TEX.REV.CIV.STAT.ANN. art. 8308–1.03 (emphasis added).7

Rodriguez argues that the deletion of the term “subscriber” coupled with the expanded definition of “employer” constitutes a substantive change. He contends that MLM failed to prove that it was an “employer” under the Act as it read at the time of the injury. We disagree. The deletion of the term “subscriber” is a distinction without a difference. The same substantive requirement is incorporated in the newer version’s *606 definition of “employer.” MLM satisfied this statutory requirement by paying to Staftex the actual cost of the workers’ compensation premiums for Rodriguez. MLM was, therefore, Rodriguez’s employer for purposes of the Workers Compensation Act.

Rodriguez had Notice that MLM had provided Workers Compensation Coverage

Rodriguez next argues that summary judgment was improper because there was a fact issue concerning whether he had notice that MLM had workers compensation coverage. He contends that he should be allowed to bring his common-law claim. He relies on Brown Serv., however, there is no indication that the injured worker had received the statutory benefits. Rodriguez admitted to receiving workers’ compensation benefits from Staftex, his general employer. He claims that he should also be allowed to recover common-law negligence damages from his special employer, MLM, even though MLM paid for the workers’ compensation benefits he had already received.

The fact that Rodriguez received workers compensation benefits from Staftex proves as a matter of law that he had constructive notice, prior to the injury, that he was covered by a workers compensation insurance policy. See Marshall, 825 S.W.2d at 197 (general employer’s filing of statutory notice with Industrial Accident Board held to constitute constructive notice that borrowing employer was a workers compensation subscriber).
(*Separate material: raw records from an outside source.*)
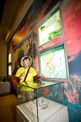 | ◇‘어린이 도슨트’로 활동중인 김지유(12)양이 서울 서대문자연사박물관에서 한반도의 지진 분포도를 설명하고 있다. |
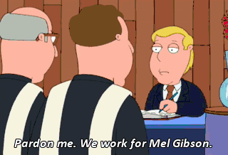 Pardon me. We work for Mel Gibson.
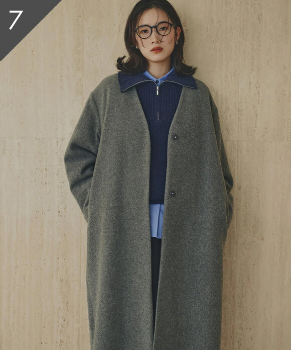 カラーレスロングコート
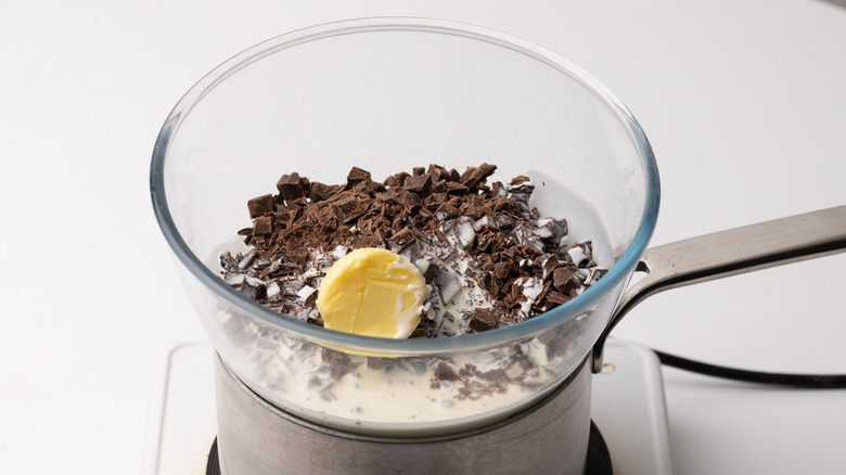 - Add the dark chocolate, remaining ¾ cup cream, and the tablespoon of butter to a bowl set over a saucepan of hot water.
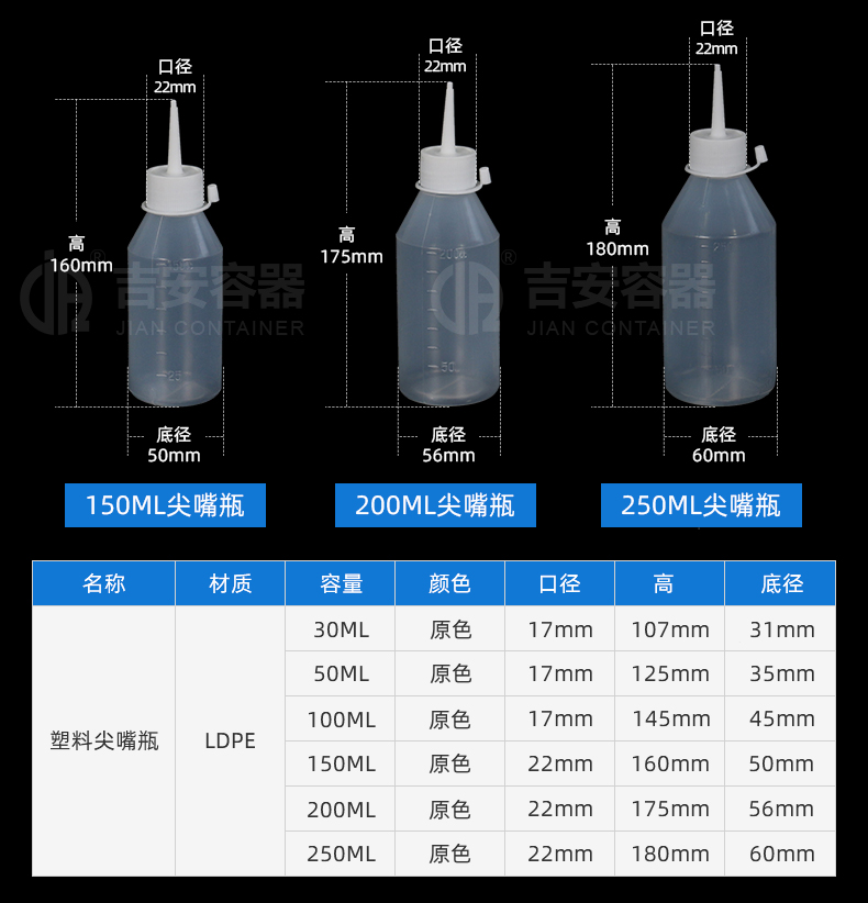東莞市吉安包裝容器有限公司創立于2000年8月1日,是中國知名品牌企業。已通過ISO 9001質量管理體系資質認證,加入了中國中空協會,并獲得《中國知名品牌》,《國家標準合格產品》,《全國重合同守信用AAA級企業》,《質量.服務.誠信AAA企業》等榮譽稱號。根據材質的不同,我們的產品分為塑料容器、鐵質容器、鋁材容器、玻璃容器、紙質容器等五大類。按產品的名稱分為塑料桶、塑料瓶、包裝桶、涂料桶、機油桶、油脂桶、化工罐、膠水瓶、鐵桶、鐵罐、鋁瓶、鋁罐、阻隔瓶、高阻隔瓶等,容量從3ML至1000L多種規格,多種款式。適合包裝的產品包括:化學試劑、化工原料、化工助劑、飼料添加劑、油墨、油漆、樹脂農藥、日用化學品、聚氨脂、膠粘劑,廣泛應用于化工、建筑、食品、醫療、生物等各領域。
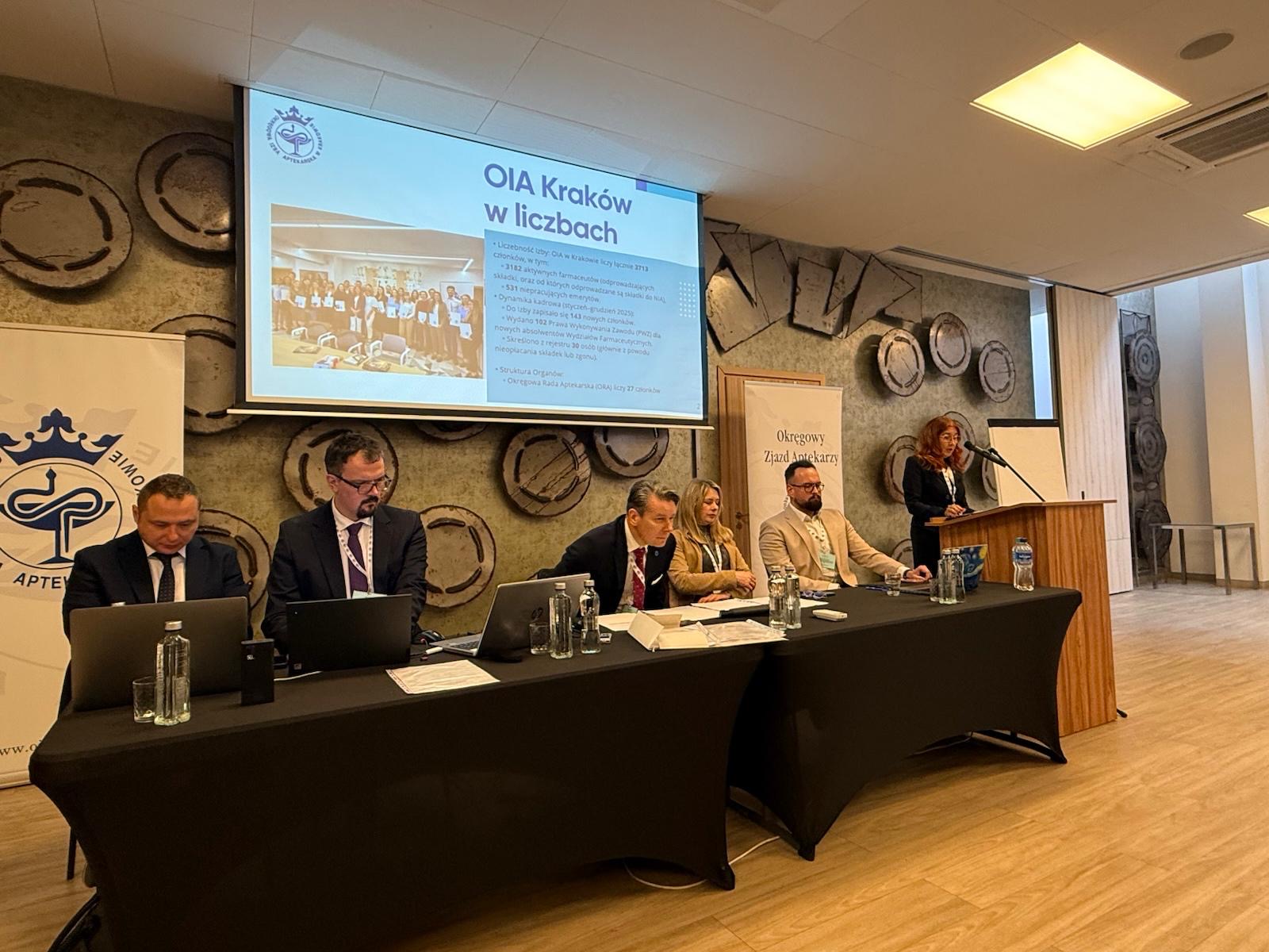 Po wybraniu prezydium zjazdu (przewodniczącym został dr n. farm. Przemysław Szybka, zastępcą przewodniczącego mgr farm. Tobiasz Migdał, a sekretarzami mgr farm. Maria Petlic-Jedynak oraz mgr farm. Tomasz Płatek) i komisji zjazdowych przedstawione zostały sprawozdania z działalności organów Okręgowej Izby Aptekarskiej w Krakowie oraz projekt budżetu na rok 2026.
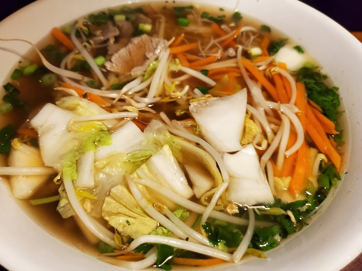 Really good pho! Stopped here on vacation at the recommendation of the hotel staff. Not too crowded and the selection was impressive. We split the pot stickers, I got the beef pho and hubby got the sukiaki (not sure on the spelling). The broth was super flavorful in both our dishes. I do wish the meat was cut either into smaller pieces or thinner because it was a bit chewy and hard to get through with the chop sticks.
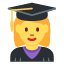 一个戴黑色学士帽、穿毕业袍的女生emoji。用来代表在校或刚毕业的女大学生,表达学习、考试、毕业等相关状态和心情。
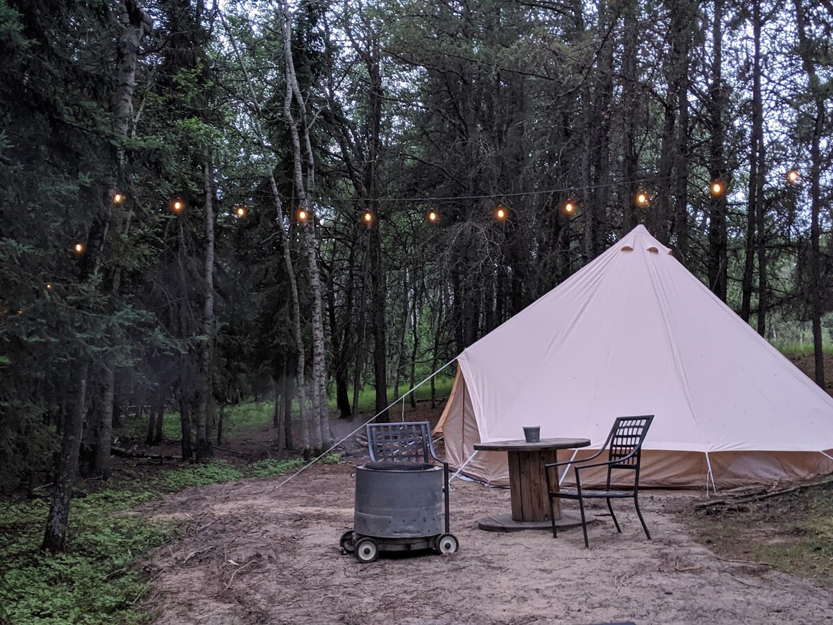 Site 2: Our campsite is situated deep in the boreal forest. Nestled between the pines and aspens, you'll sleep beneath the stars in a queen-size bed. The site is private, away from the access road and the other site. Equipped with a fire pit, chairs, and a table. Designed with privacy in mind, our hidden gem offers tranquility and beauty. Our cozy tent is completely off-grid. There is no power or running water in the space. Guests are required to remove all garbage from the site upon checkout.
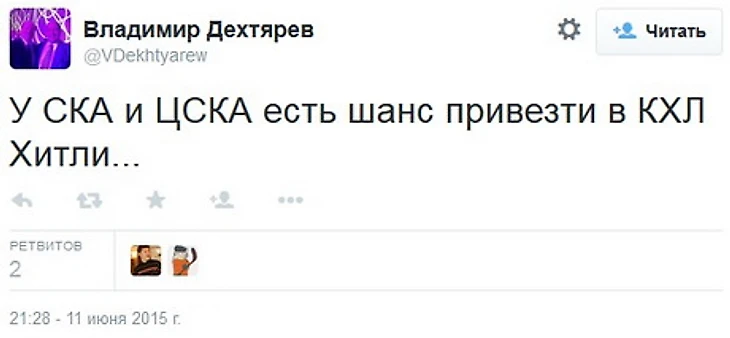 «У СКА и ЦСКА есть шанс привезти в КХЛ Хитли», – написал Дехтярев в своем твиттере.
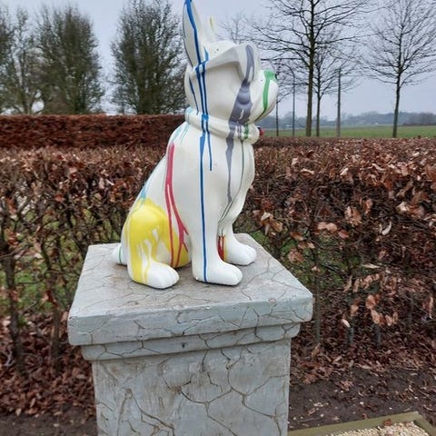 Håndmalet hund i polyresin, højde 60 cm, bredde 31 cm, dybde 43 cm, oprindelse Europa, i fremragende stand, uden underskrift. Klik på den blå "gå til varen" knap, for at købe eller byde på denne vare. Den samlede pris vil blive vist inden du afgiver dit bud.
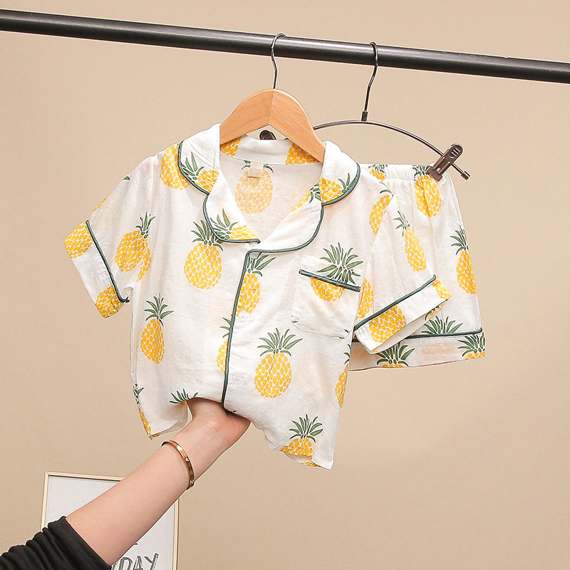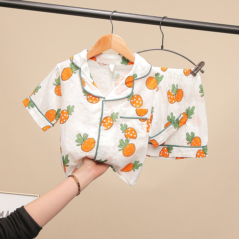 Children short sleeves Sleepwear Pants Sets Summer Thin boy girl's air conditioning Cotton Cotton Cloth Shorts Home Conserved
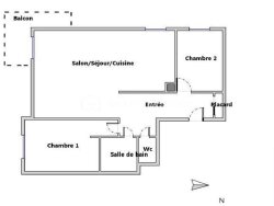 L'appartement comprend une entrée, un grand séjour avec cuisine ouverte de 28 m² ouvrant sur un balcon de 9m² orienté Sud, 2 chambres, 1 salle de bains et des WC séparés.
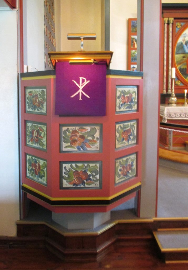 Det ser ut til at Poulsson tegnet prekestolen (nord for korskillet), men snekkerarbeidet er utført av lokale snekkere. Det var en travel periode i forkant av vigslingen, og Poulsson rakk så vidt å dekorere prekestolen et par dager før innvielsen. Dette var tenkt som midlertidig dekorasjon, men er blitt stående.
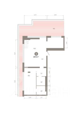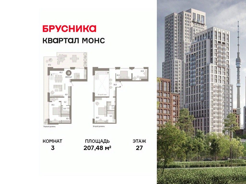 Двухуровневая квартира с кухней-гостиной и тремя спальнями в квартале "МОНС". Особенности планировки: второй санузел, окна в пол, без отделки, двухуровневая, пентхаус, панорамное остекление, разнесённые спальни, мастер-спальня, терраса на крыше.
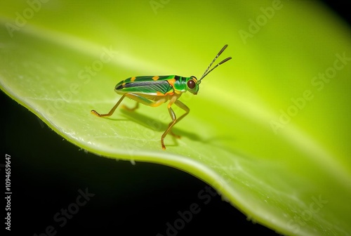 Fototapeta premium Leafhopper's Leaf Dance A tiny leafhopper with vibrant colors pe

MLM’s payment of premiums for Rodriguez’s coverage brought MLM under statutory immunity as a workers’ compensation employer.


This case is controlled by Marshall.

We overrule appellant’s sole point of error, and affirm the judgment of the trial court.



417.004 (Vernon Pamph.1994)).


Like Rodriguez, Fleeman was an employee of Staftex, working for MLM.


Specifically, according to the doctor’s report on Rodriguez’s Magnetic Resonance Imaging (MRI), Rodriguez received three bulged discs at L2–L3, L4–L5 and L5–S1.


Marshall also alleged that Toys–R–Us failed to plead statutory immunity in its answer. The appellate court correctly noted that pleading it in the motion for summary judgment was sufficient. Rodriguez did not assert this; otherwise, the challenges are identical.


As we observed in footnote 3, the term “subscriber” in this contract refers to MLM as a client of Staftex, not to MLM as a subscriber under the Worker’s Compensation Act. This very paragraph of the contract, along with the attachment to which it refers, does, however, show that MLM is a subscriber under the Act.


Repealed by Act of Dec. 13, 1989, 71st Leg., 2nd C.S., ch. 1, § 16.01(15), 1989 Tex.Gen.Laws 1, 114.


Repealed by Act of September 1, 1993, 73rd Leg., R.S., ch. 269, § 1, 1993 Tex.Gen.Laws 987, 1132–32 (current version at TEX.LAB.CODE ANN. § 401.011 (18), (44) (Vernon Pamph.1994)).